Provided entries Block Start

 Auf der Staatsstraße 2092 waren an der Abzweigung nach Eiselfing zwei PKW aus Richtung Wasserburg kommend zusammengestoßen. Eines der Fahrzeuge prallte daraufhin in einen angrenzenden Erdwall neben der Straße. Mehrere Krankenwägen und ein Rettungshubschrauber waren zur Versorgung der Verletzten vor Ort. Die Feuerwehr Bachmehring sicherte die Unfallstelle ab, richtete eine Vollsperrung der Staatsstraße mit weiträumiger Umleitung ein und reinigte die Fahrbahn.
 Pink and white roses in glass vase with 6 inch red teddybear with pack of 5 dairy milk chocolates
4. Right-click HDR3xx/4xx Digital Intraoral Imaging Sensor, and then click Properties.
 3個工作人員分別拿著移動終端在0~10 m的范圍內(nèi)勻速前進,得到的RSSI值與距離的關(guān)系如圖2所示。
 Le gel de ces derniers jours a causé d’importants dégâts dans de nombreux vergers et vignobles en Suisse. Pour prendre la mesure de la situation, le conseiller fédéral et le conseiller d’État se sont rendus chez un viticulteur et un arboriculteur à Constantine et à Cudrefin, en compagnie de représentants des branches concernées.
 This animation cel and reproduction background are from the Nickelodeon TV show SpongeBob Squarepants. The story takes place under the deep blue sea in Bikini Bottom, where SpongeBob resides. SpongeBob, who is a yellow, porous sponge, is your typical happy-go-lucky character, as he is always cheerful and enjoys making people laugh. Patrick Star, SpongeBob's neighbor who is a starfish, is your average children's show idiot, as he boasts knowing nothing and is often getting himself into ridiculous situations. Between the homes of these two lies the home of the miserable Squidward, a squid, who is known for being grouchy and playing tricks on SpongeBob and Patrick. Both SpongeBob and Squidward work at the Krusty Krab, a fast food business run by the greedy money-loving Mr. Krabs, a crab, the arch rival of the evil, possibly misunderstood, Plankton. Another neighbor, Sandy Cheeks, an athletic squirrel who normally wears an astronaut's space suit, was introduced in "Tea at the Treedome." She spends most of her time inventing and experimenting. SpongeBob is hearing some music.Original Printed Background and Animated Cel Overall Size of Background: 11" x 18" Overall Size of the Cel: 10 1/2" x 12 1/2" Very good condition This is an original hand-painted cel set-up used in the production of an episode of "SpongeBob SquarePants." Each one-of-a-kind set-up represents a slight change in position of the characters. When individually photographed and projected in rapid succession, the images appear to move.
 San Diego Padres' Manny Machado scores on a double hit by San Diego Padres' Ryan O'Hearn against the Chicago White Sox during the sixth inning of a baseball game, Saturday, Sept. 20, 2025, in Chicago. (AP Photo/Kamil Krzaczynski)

Provided entries Block End
Provided entries Block Start

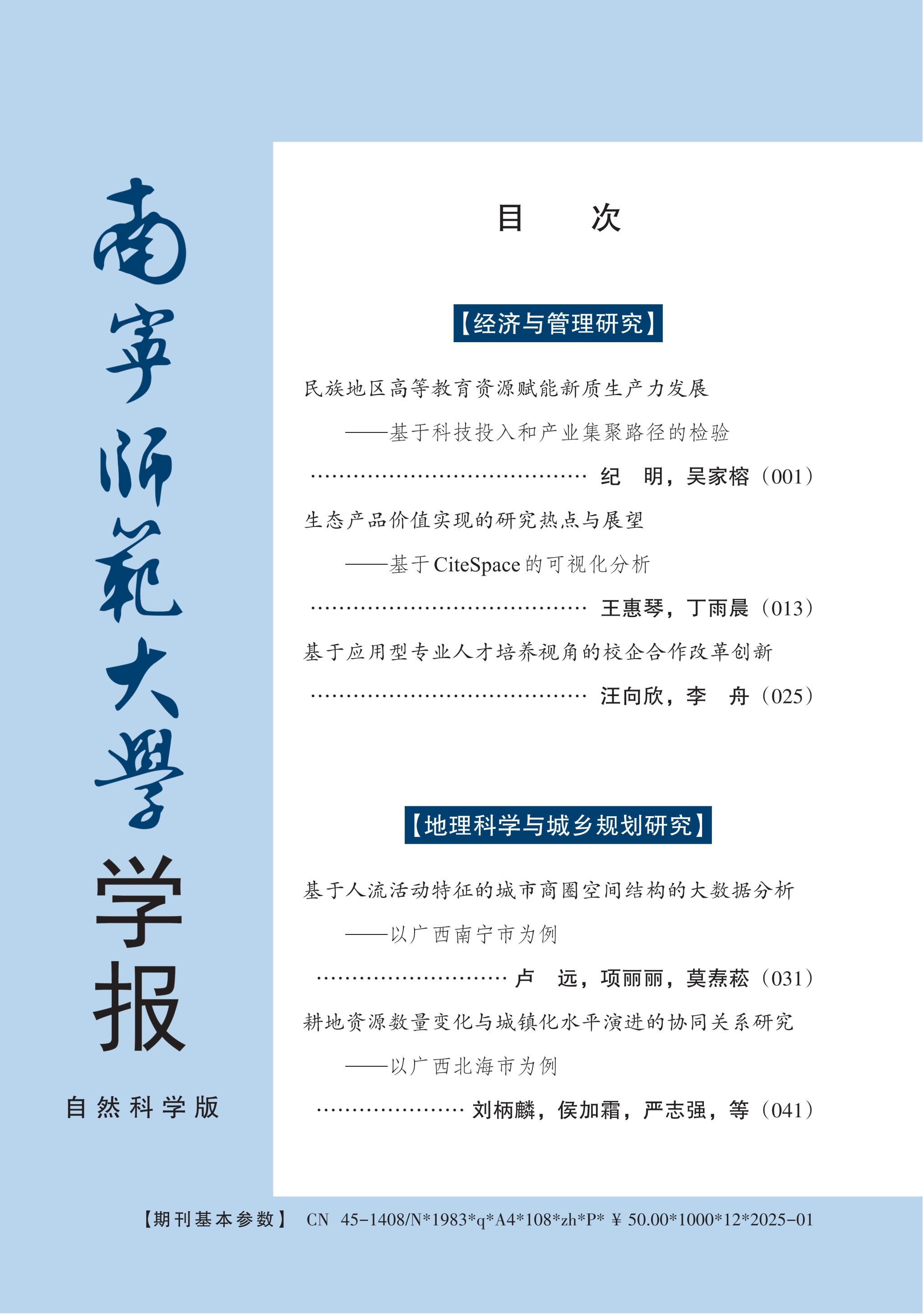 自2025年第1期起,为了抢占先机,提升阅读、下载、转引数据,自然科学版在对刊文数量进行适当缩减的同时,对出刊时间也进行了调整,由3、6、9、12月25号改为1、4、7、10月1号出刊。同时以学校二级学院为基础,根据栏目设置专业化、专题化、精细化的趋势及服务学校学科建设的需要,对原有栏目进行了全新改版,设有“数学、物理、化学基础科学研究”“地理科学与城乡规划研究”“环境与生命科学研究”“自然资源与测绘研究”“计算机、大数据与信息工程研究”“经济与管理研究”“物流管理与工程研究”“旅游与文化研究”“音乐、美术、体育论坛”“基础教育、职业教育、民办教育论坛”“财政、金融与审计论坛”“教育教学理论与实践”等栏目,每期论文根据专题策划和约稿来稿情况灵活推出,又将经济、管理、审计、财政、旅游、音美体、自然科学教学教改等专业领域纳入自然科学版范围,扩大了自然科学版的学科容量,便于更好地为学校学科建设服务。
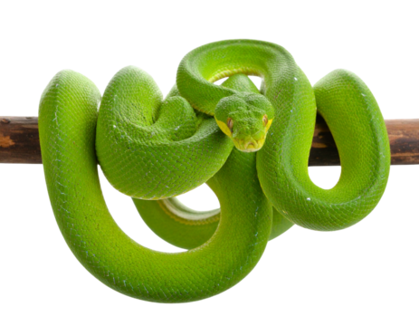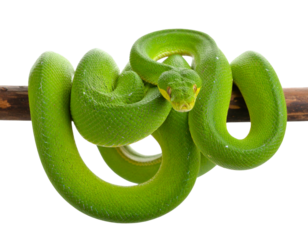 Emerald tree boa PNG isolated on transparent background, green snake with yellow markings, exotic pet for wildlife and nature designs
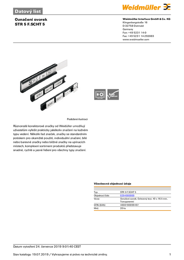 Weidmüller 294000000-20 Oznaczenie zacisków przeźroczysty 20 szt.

Provided entries Block End

Goal of the exercise
Among the entries above, take the line with "自2025年第1期起,为了抢", the line with "Weidmüller 294000000-20 Oznaczenie", and all the lines between them, and restate them word for word without pictures.

Exercise answer
 自2025年第1期起,为了抢占先机,提升阅读、下载、转引数据,自然科学版在对刊文数量进行适当缩减的同时,对出刊时间也进行了调整,由3、6、9、12月25号改为1、4、7、10月1号出刊。同时以学校二级学院为基础,根据栏目设置专业化、专题化、精细化的趋势及服务学校学科建设的需要,对原有栏目进行了全新改版,设有“数学、物理、化学基础科学研究”“地理科学与城乡规划研究”“环境与生命科学研究”“自然资源与测绘研究”“计算机、大数据与信息工程研究”“经济与管理研究”“物流管理与工程研究”“旅游与文化研究”“音乐、美术、体育论坛”“基础教育、职业教育、民办教育论坛”“财政、金融与审计论坛”“教育教学理论与实践”等栏目,每期论文根据专题策划和约稿来稿情况灵活推出,又将经济、管理、审计、财政、旅游、音美体、自然科学教学教改等专业领域纳入自然科学版范围,扩大了自然科学版的学科容量,便于更好地为学校学科建设服务。
 Emerald tree boa PNG isolated on transparent background, green snake with yellow markings, exotic pet for wildlife and nature designs
 Weidmüller 294000000-20 Oznaczenie zacisków przeźroczysty 20 szt.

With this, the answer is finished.